In 2019, the House voted to reauthorize the law for five years, but then-Senate Majority Leader Mitch McConnell never brought it to the floor. The House voted again to reauthorize this March, but the Senate has not taken it up yet. On July 30, almost a dozen Democratic senators, including Amy Klobuchar of Minnesota and Elizabeth Warren of Massachusetts, released a letter asking Senate Majority Leader Chuck Schumer to reauthorize the act.
Russell said that she and other lawyers and advocates have wanted a mention of economic abuse in VAWA and eagerly anticipate the passage of the 2021 reauthorization in the Senate. The 2021 version includes the long-awaited definition of economic abuse as “behavior that is coercive, deceptive, or unreasonably controls or restrains a person’s ability to acquire, use, or maintain economic resources to which they are entitled.” The House passed the 2021 reauthorization in March, and she hopes this one makes it through the Senate.
“By giving that recognition, it allows those of us on the state level to argue that VAWA recognizes [economic abuse], so you should too,” said Russell. “It’s a first step, and I think it’s a necessary step.”
Russell said that the 2013 version of VAWA — the last reauthorized version — does help with some of the components of economic abuse. Someone who keeps losing their job because their intimate partner stalks them at work would have been recognized in the 2013 version because stalking is recognized. Or, because VAWA grants money to legal services, people who cannot afford counsel because of financial abuse would have access to funds. However, she said that recognizing economic abuse as a separate form of domestic violence, actually specifying it in the text, allows lawyers to strengthen cases by citing VAWA. It also may serve as a reference for domestic violence organizations that may not understand what economic abuse is.
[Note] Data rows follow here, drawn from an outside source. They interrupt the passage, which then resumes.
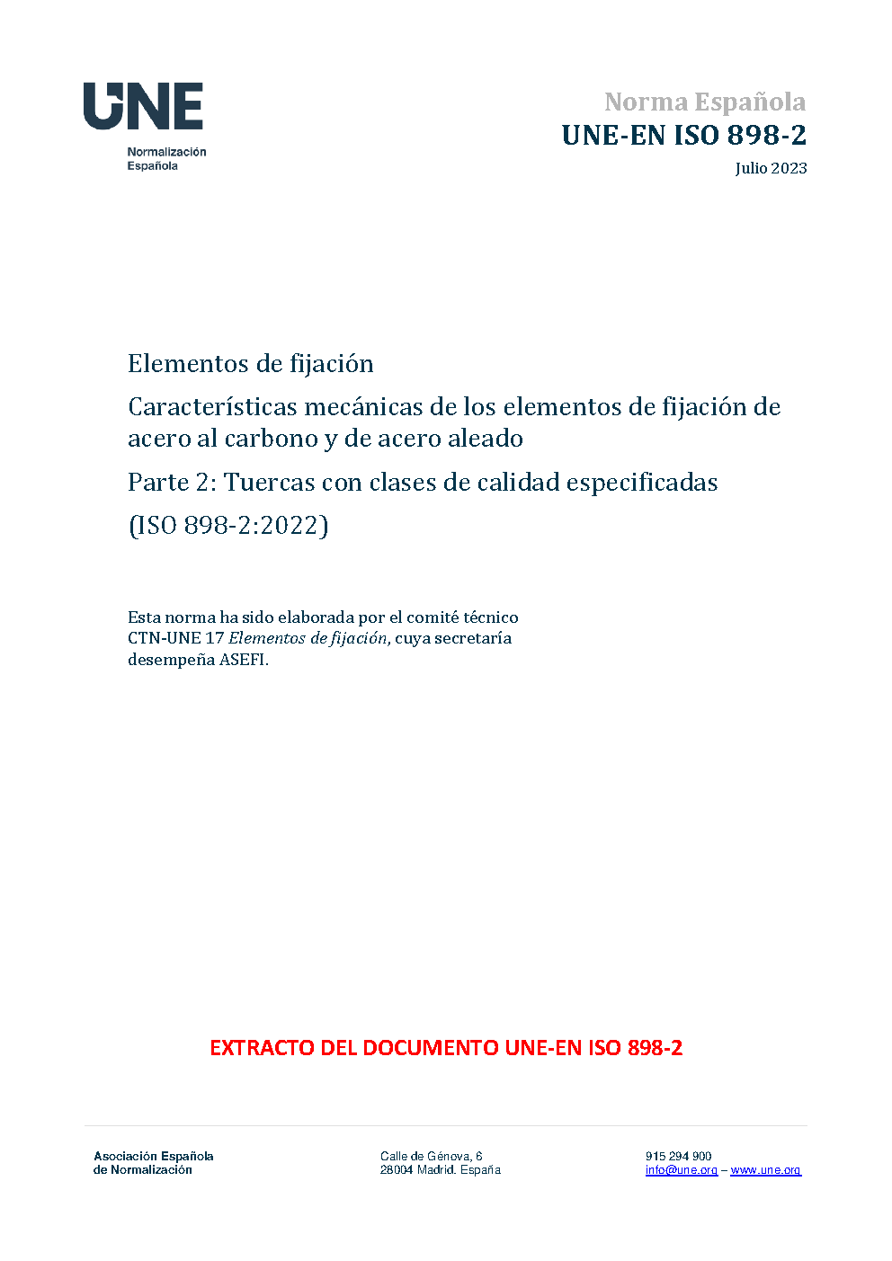 UNE-EN ISO 898-2:2013
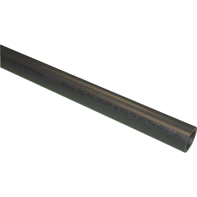 PVC Schedule 80 gray pressure pipe. 20' length. Plain end. Maximum working pressure: 400 psi at 73 F (degree Fahrenheit). Schedule 80 fittings are used with chemical processing, industrial plating, chilled water distribution, chemical drainage, and other h
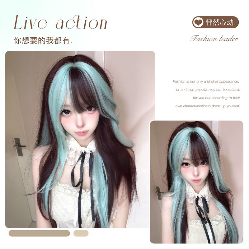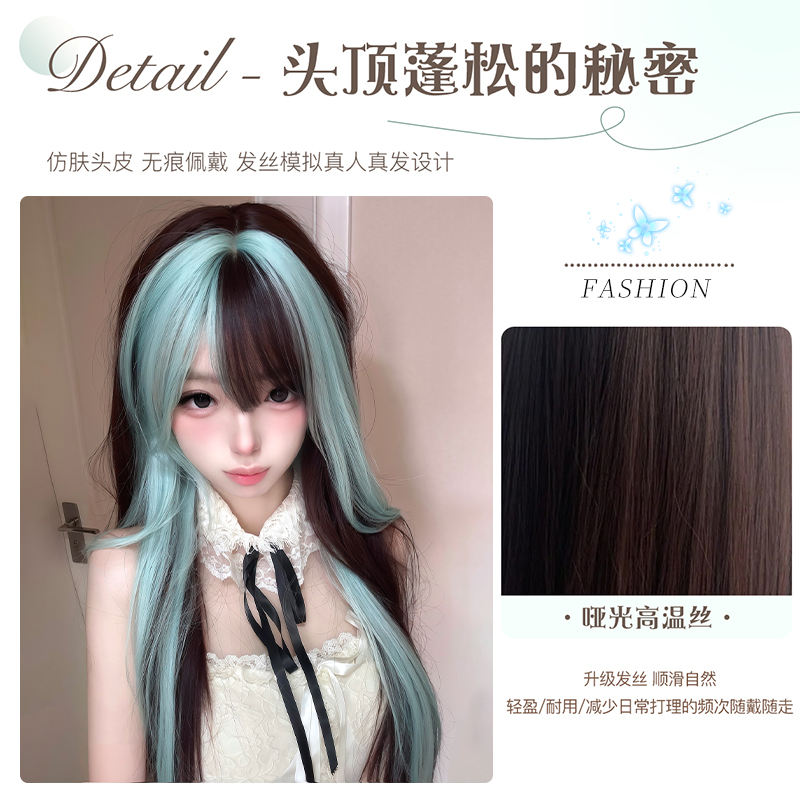 วิกผมตรงยาวแบรนด์ในประเทศ สีเขียวมิ้นท์ ไฮไลท์สีน้ำตาล ปอยผมปัดข้าง แนวผมธรรมชาติ วิกผมลูกไม้ด้านหน้า สำหรับสไตล์โลลิต้า

Defining economic abuse in legislation won’t necessarily help survivors get out of coerced debt or regain financial stability, said Russell. Still, she hopes it offers a foundation to build on because financial wellbeing is crucial to leaving an abusive relationship and establishing an independent life.
“The sort of common characteristic of financial abuse is one of control, an abuser trying to place as much control over someone’s life as possible,” said Andrea Hetling, a professor at Rutgers University who has published extensively on domestic violence. “Financial abuse is a very effective way of doing that. If we don’t have financial freedom, it’s really hard to function in our society, and building up debt in someone’s name, having a poor credit history, are really, really difficult barriers.”
These barriers can withstand the test of time. A 2013 article in the peer reviewed Journal of Interpersonal Violence, said that tactics like destroying someone’s credit, accumulating debt, or harassing a partner at work to get them fired are methods of entrapment that can last even after someone escapes an abusive relationship. The survivor may be safe from continued emotional or physical harm, but coerced debt, for example, can accumulate for years after an abusive relationship ends.
“You can be broken up and be in different states, and the [abuser] could still be running up money under your accounts,” said Johnson. “Trying to prove that that isn’t your debt becomes extremely difficult. So, on one end, you can have no money, and on another end, you could owe tons of money.”
As for Stager, she diligently paid off the debt her ex-husband had accumulated for years after leaving him. She said that she negotiated with some companies but just buckled down and paid others. There was, she explained, no other solution at the time.
But if the new version of VAWA passes, experts and advocates say, it could lay the foundation for solutions to come.